# Whats the process from design to production?



## Matabele (Nov 21, 2013)

Hi all,

First post on this forum, great site with some great info. I'm really new to engineering and have just been offered a gunsmithing apprenticeship. Eventually I'd like to have my own shop and manufacture my own products.

I'm wondering though what is the procedure for using CNC? So If I design something on Solidworks for example and now have a 3D model of a part, what happens then? I've heard of programs like MasterCAM, does a program like that convert the solid model into G-Code for the CNC machine or do you have to manually create tool paths?

Any input appreciated thanks!


----------



## Tony Wells (Nov 21, 2013)

CAM (Computer Assisted Machining) are intended to help get around hand coding the G and M codes. With a 3d model, you select a surface to machine, or surfaces with possible.....then select the tool you want to use on that surface, and a few other variables and it will create the tool path for you, supposedly in the most efficient way possible. Often, the actual code can be optimized on the shop floor by an authorized operator who knows his machine, or by an astute programmer. They are not foolproof, but can be great labor saving software. 

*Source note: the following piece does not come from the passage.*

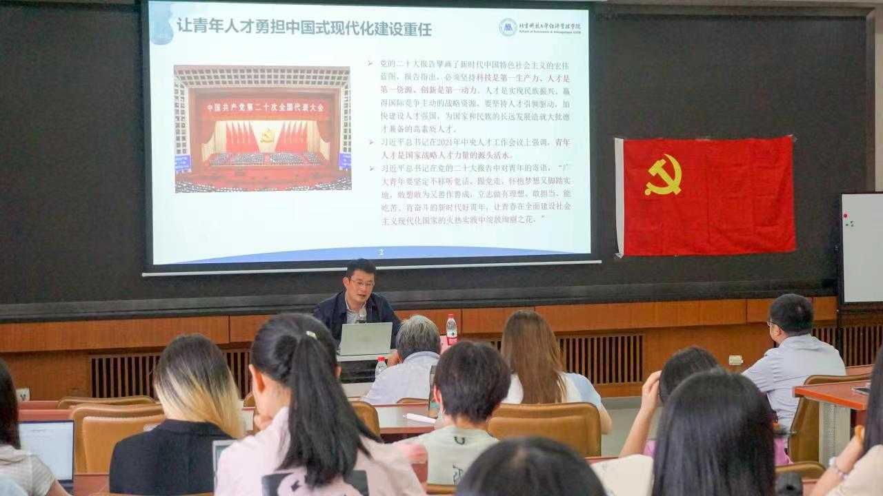 5月30日下午,“学习贯彻习近平新时代中国特色社会主义思想,做听党话、跟党走、有理想、有本领、具有为国奉献钢筋铁骨的高素质人才”主题党课在经管楼405举行,学院院长谷炜主讲,本科低年级党支部党员和积极分子参加学习。

Normally, you would have a "library" of tools set up to choose from that you could count on having on hand. You build this over time, learning just what tools you have, or as you acquire them. The big help in CAM  in general lies in contouring surfaces, IMO. Once you have a solid model, or even a wire-frame, it saves much calculation and manual code entry, especially on non-uniform features. Machine tools love to cut straight lines, but with 3 or more axes, and CAM, that's all out the window.

On the machine, the tool list generated by the programmer is set up by the operator. End mills of certain styles and sizes are chosen, boring and turning tools, or whatever are all set up in the machine according to the tool number assignment in the program. After all tools are loaded, they are "qualified", or the machine is told what and where they are in reference to it's "home position", typically. Care must be exercised to make sure there are no interferences between tool, part, and machine. Speeds and feeds are determined by the programmer, but usually can be adjusted at the machine.

That's a nutshell explanation. There is more detail to it, but that's about how it goes.


----------



## Matabele (Nov 22, 2013)

Thanks for the great explanation Tony, appreciate it! Is MasterCAM an example of that conversion software you were talking about? Are there any other programs out there you'd recommend? Any good free ones at all?


----------